Христиане, внутренне убежденные в том, что они не могут служить в армии, были всегда. Стать военными им препятствовала заповедь «не убивай», так как они не хотели, чтобы их принуждали применять оружие против ближнего. Большинство христиан не разделяют это убеждение. К их числу принадлежит и автор этих строк. Но именно поэтому к подобному убеждению всегда следует относиться серьезно. Мы располагаем свидетельствами христиан первых веков, которые отказывались от службы и даже не щадили ради этого своей жизни. Они настолько трогательны, что нам совсем не трудно было поверить в искренность голоса их совести. Однако в уже совсем недавние времена молодые люди отказывались по религиозно-этическим мотивам от участия не во всякой, а только в ядерной войне. В этом случае уже труднее считать их мотивы убедительными. Почему против одного вида войны можно выступать, а против другого нет? Дело запуталось еще больше, когда оказалось, что человек, выступавший против всякой воинской повинности, не отказался бы от участия в насильственном свержении режима, угнетавшего подданных. Если совесть запрещает участвовать в чем-либо, то позволительно требовать, чтобы это проявлялось последовательно. Нельзя завтра делать то, что отвергается сегодня. Потому что в таком случае подтверждаются слова, высказанные однажды Годфридом Бомансом: «Многие люди обязаны своей чистой совестью своей же плохой памяти!»
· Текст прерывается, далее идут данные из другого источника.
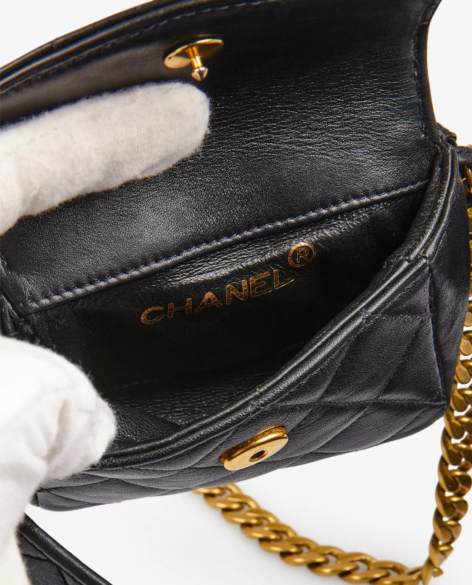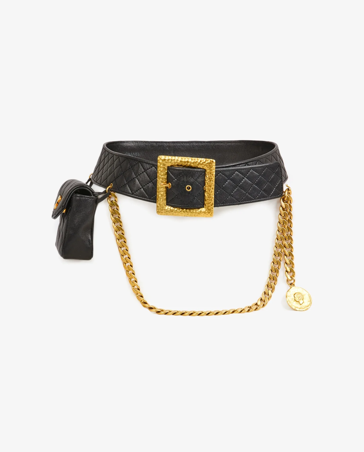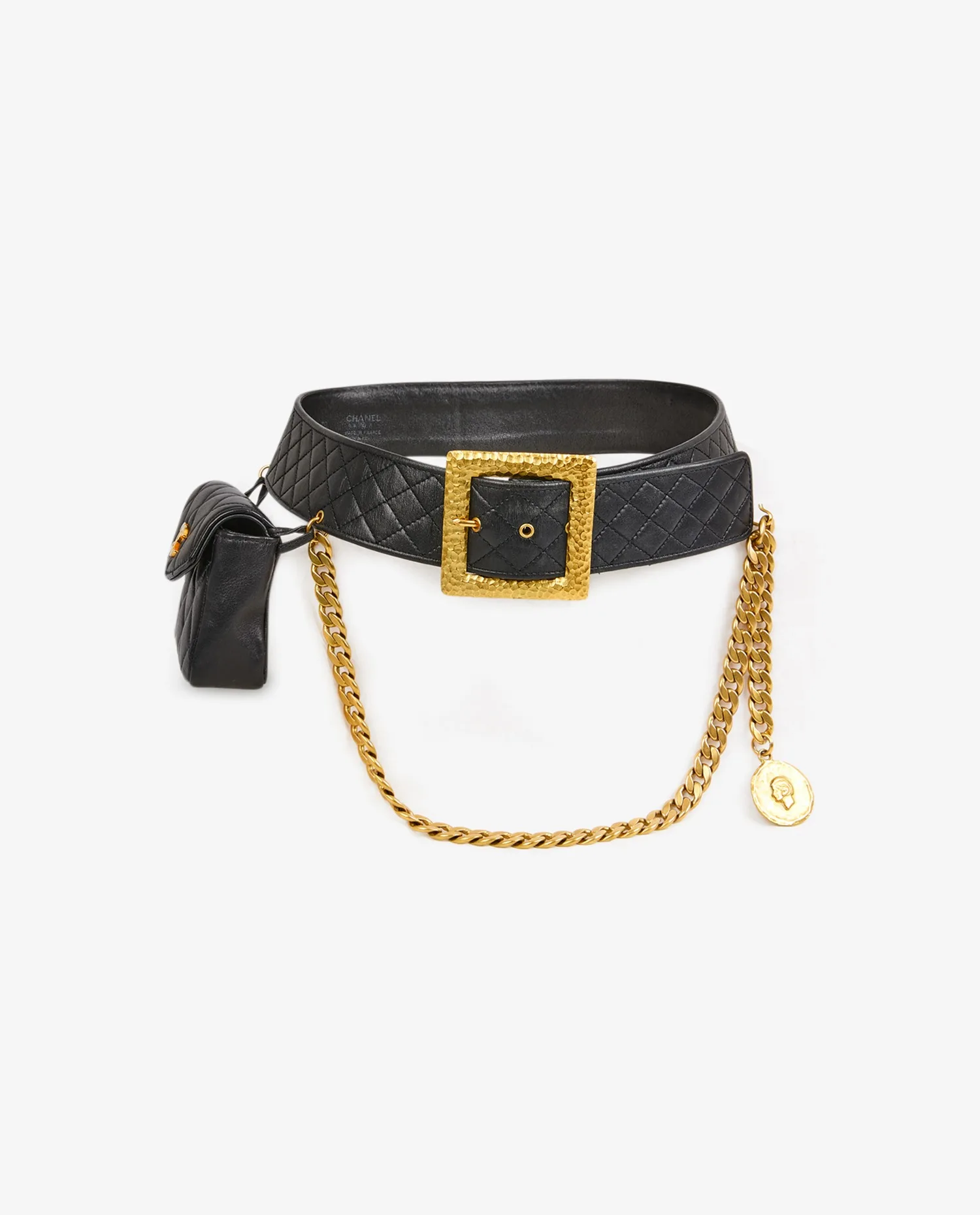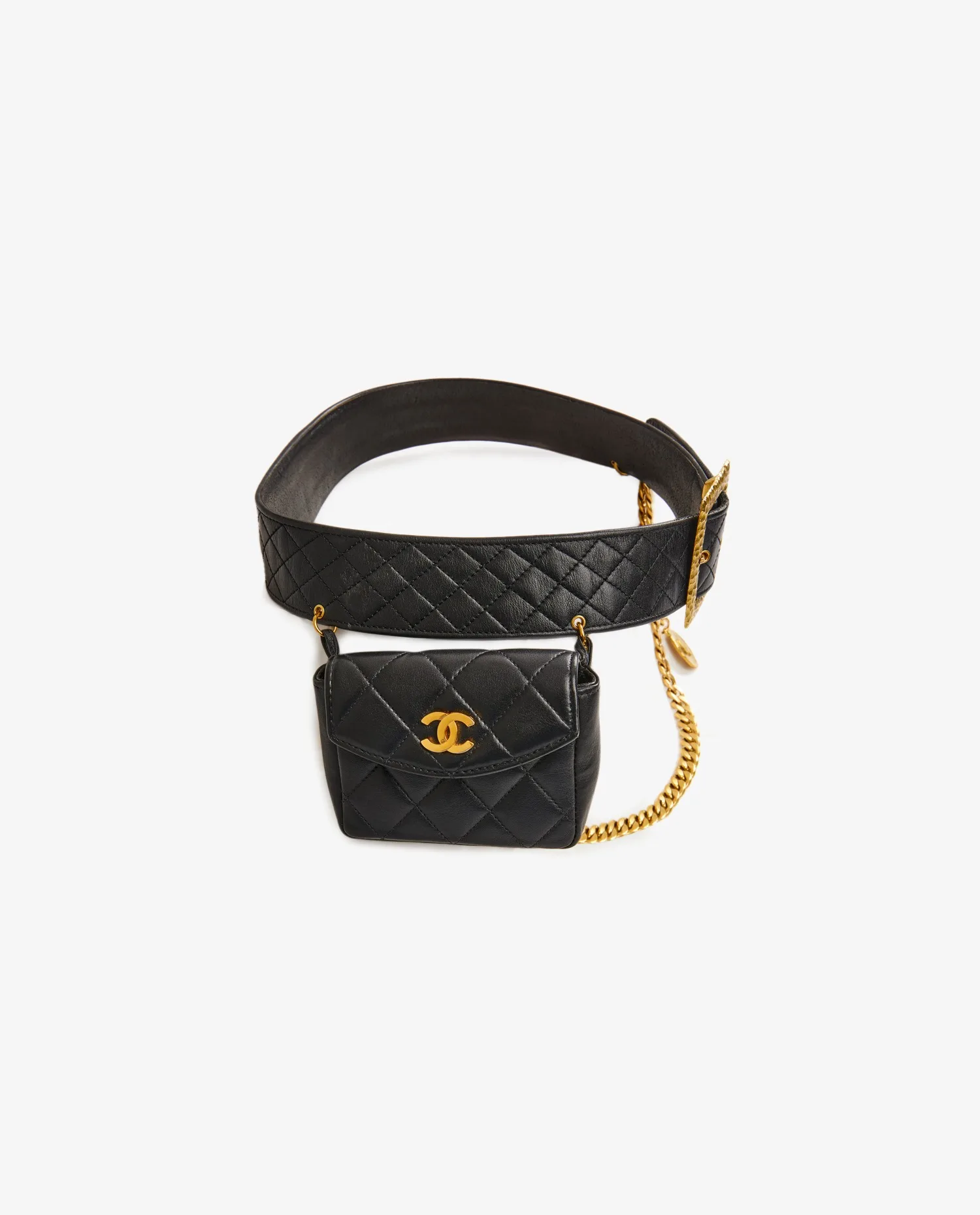 Collector! Ceinture pochette Chanel vintage 90′ en cuir noir. En très bon état.
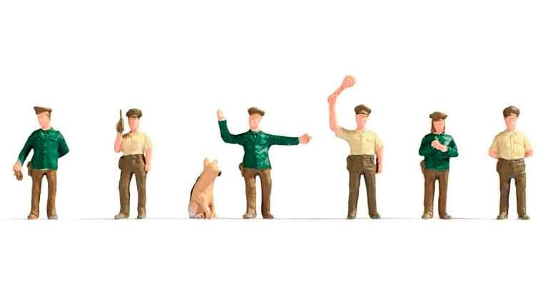 Масштабный модельный набор из окрашенных фигурок «Полицейские и собака» из пластика рекомендуется для диорам в масштабе 1/87 и железнодорожных макетов типоразмера Н0 (1:87). Окраска фигур не требуется (цвет, ассортимент и дизайн может отличаться от представленного на иллюстрации). Для установки фигурок рекомендуется использовать термоклей.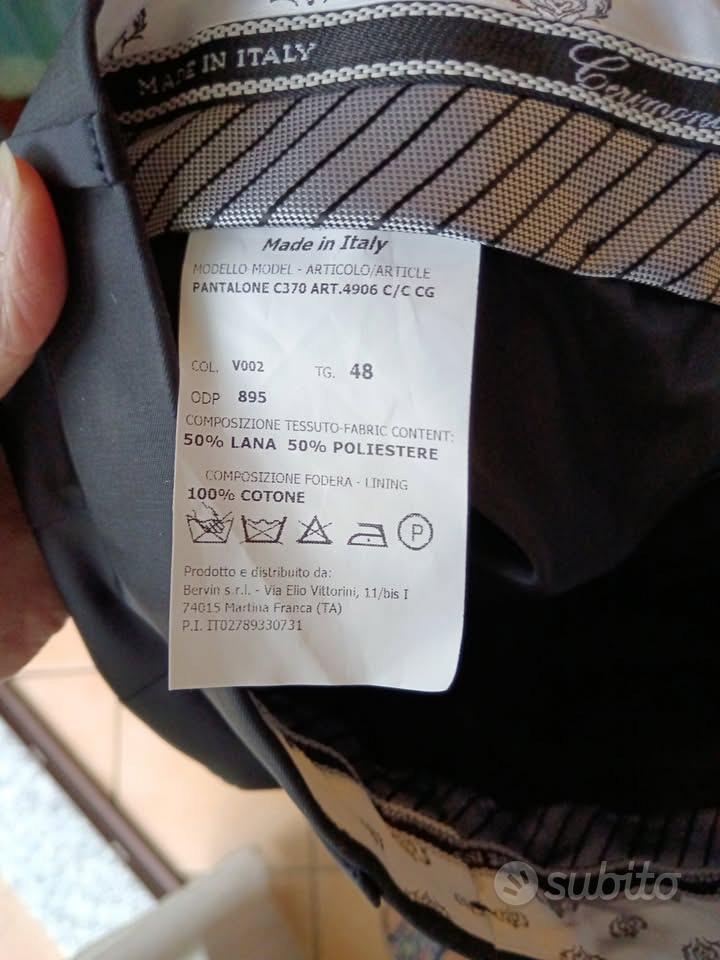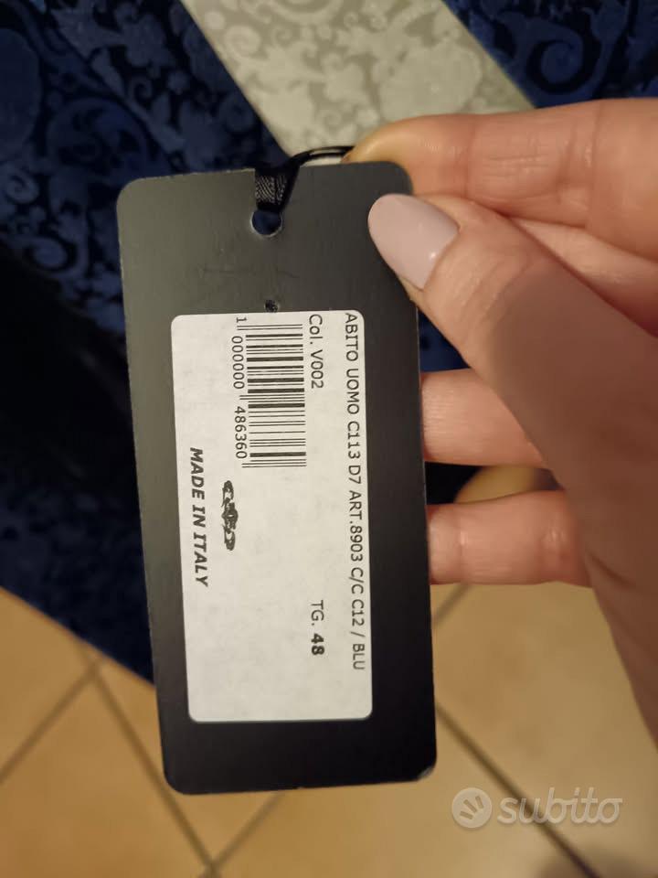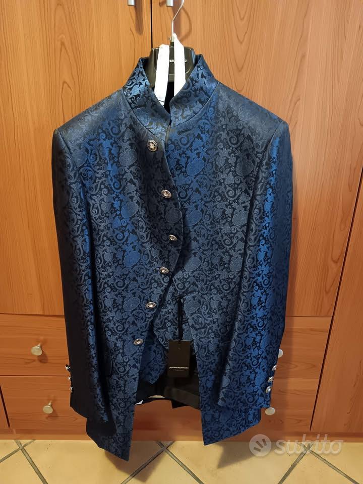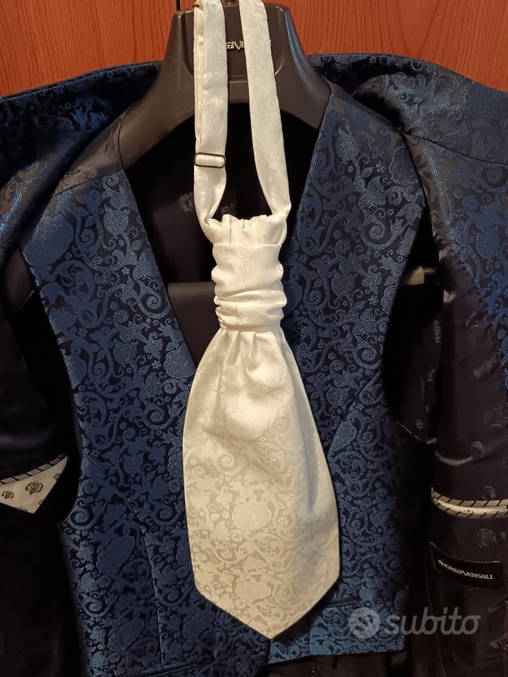 Descrizione Vendo abito da sposo MAI USATO stilista Andrea Versali, TG. 48 damascato blu completo di giacca, gilet, cravattone, pantaloni e custodia originale ritiro a mano o a carico acquirente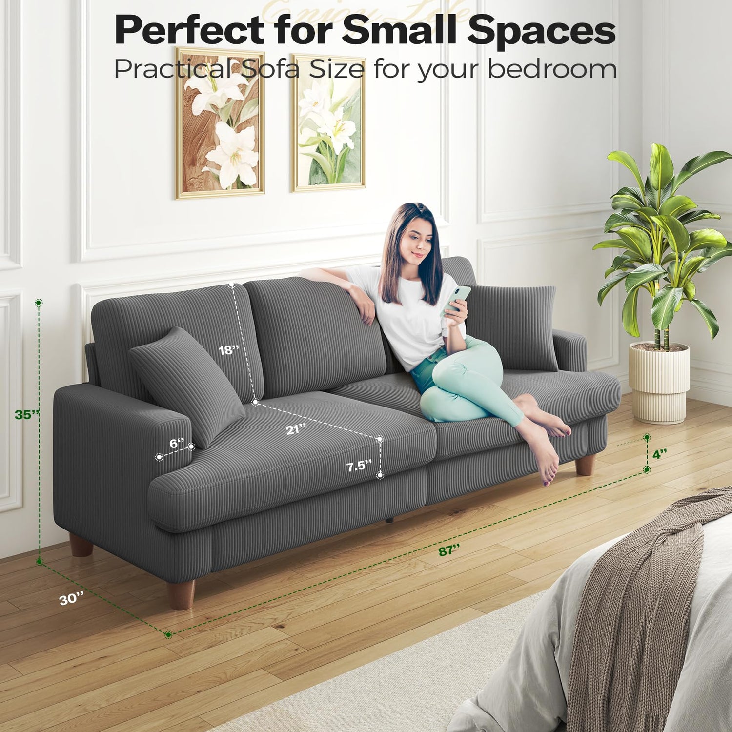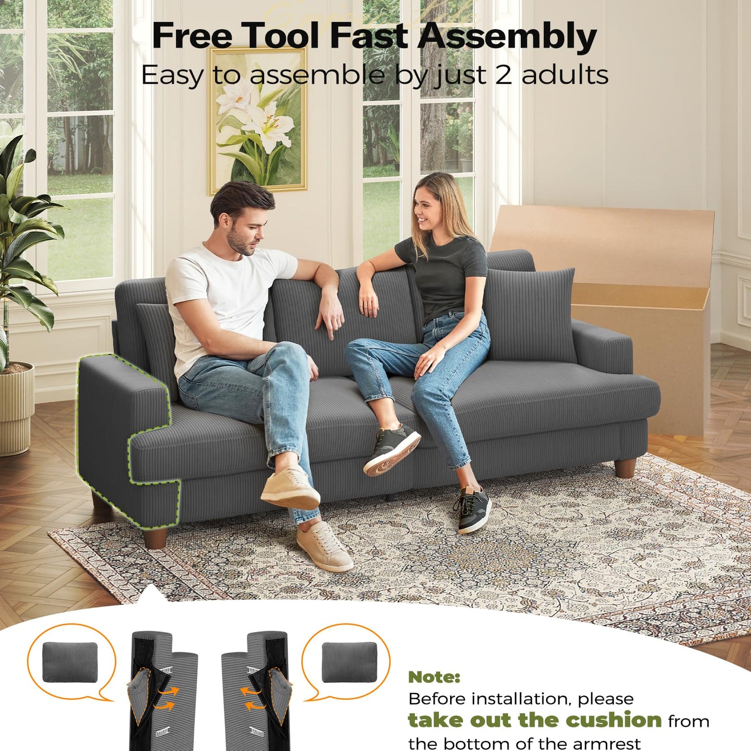 - 【 15-Min Tool-Free Assembly - 15 Minutes, Done! 】 No tools? No problem! Assembling this loveseat sofa is a breeze—no extra tools needed. Two adults can put the grey corduroy couch together in just 15 minutes (we're not kidding!). Just watch the assembly video on the product page and follow the included instructions, and you'll have your new couches for living room ready to use in no time. Kidirect couch dimensions: 87"W x 30"D x 35"H — perfect for fitting into your space without hassle.
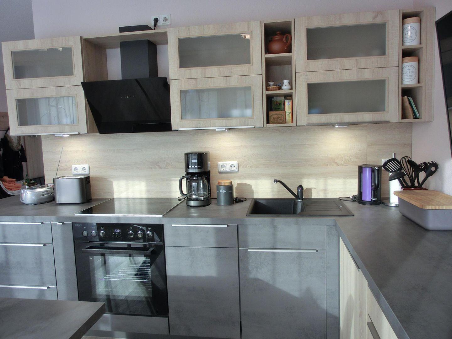 - offene Küche inkl. Herd mit Backofen, Kühlschrank mit Gefrierteil, Geschirrspüler, Mikrowelle, Kaffeemaschine, Toaster, Wasserkocher, Geschirr, Besteck und Gläser sind ausreichend vorhanden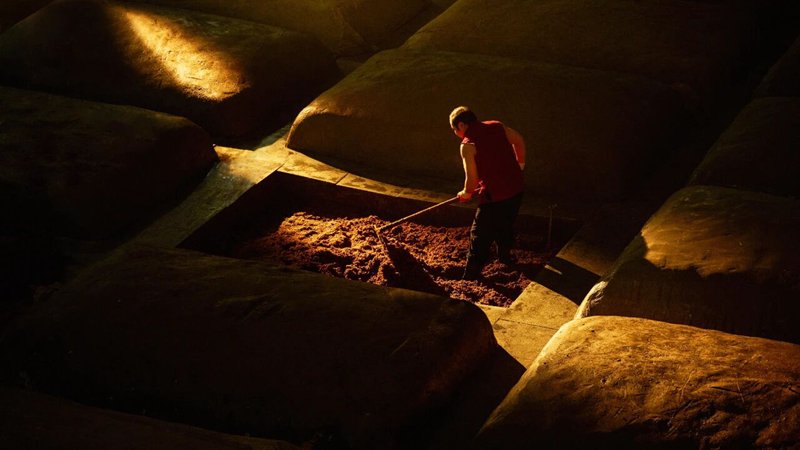 晨光微熹,古老的酒坊开始苏醒。酿酒师傅们开始了一天的劳作。当富含微生物的酒曲与精选的五谷,一同被送入一个神秘的国度——窖池。在这里,他们将与另一支微生物大军相遇。有人说:酒曲是远行的游子,窖池是守候的故乡。他们的相遇,是酿酒史上最温情的长相厮守。这里没有机械的轰鸣,只有微生物在寂静中,进行最繁忙的劳作。光阴是这场转化的唯一导演,它不催促,只是静静流淌,让微生物们有充足的时间去酝酿,去融合。当窖池重启,扑面而来的,已不再是粮食的生涩,而是沁人的芬芳。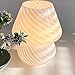 [Design] Vintage style white Striped glass mushroom lamp Full Of Medieval Style, With A Large Mushroom Shape, Wavy Stripes Are Clearly Visible, And The Design Is Exquisite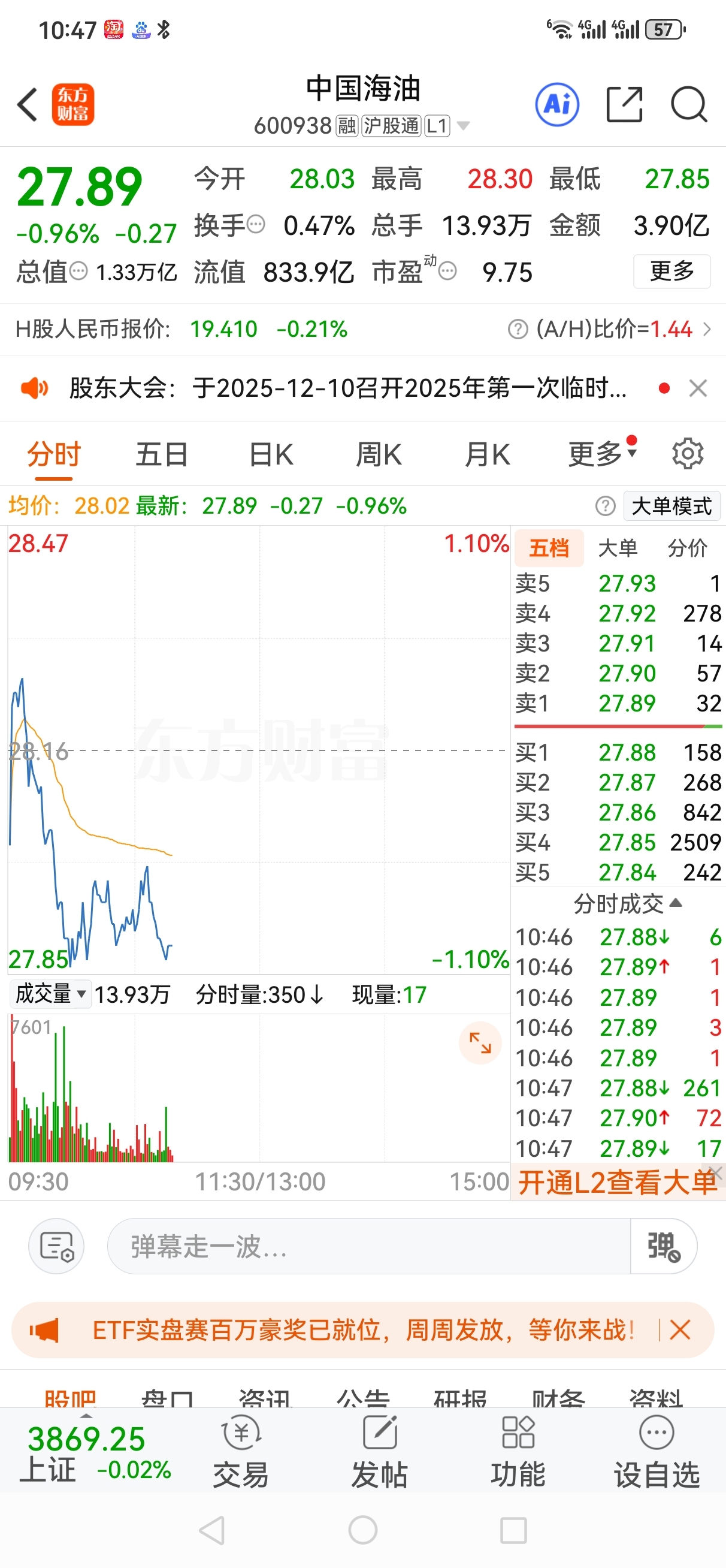 $中国海油(SH600938)$ 买卖好清淡呀,都是一手一手的买

9. СУЩЕСТВУЕТ ЛИ АДИАФОРА?

9.1. О чем идет речь?

Как мы уже говорили в главе 4, далеко не все из того, что мы совершаем сами или чему не противимся, находит отражение в Писании в виде особого предписания либо запрета. Как оказалось, будучи ответственными за свои поступки, мы сами можем познавать лучшее (Флп. 1:9,10). Связанные с писанием и водительствуемые Духом, мы принимаем решения свободно, поскольку мы сыны, а не рабы в доме Бога.

В данной главе нам хотелось бы больше внимания уделить теме свободы. Этот вопрос мы будем рассматривать сквозь призму старинной этической проблемы, известной как адиафора.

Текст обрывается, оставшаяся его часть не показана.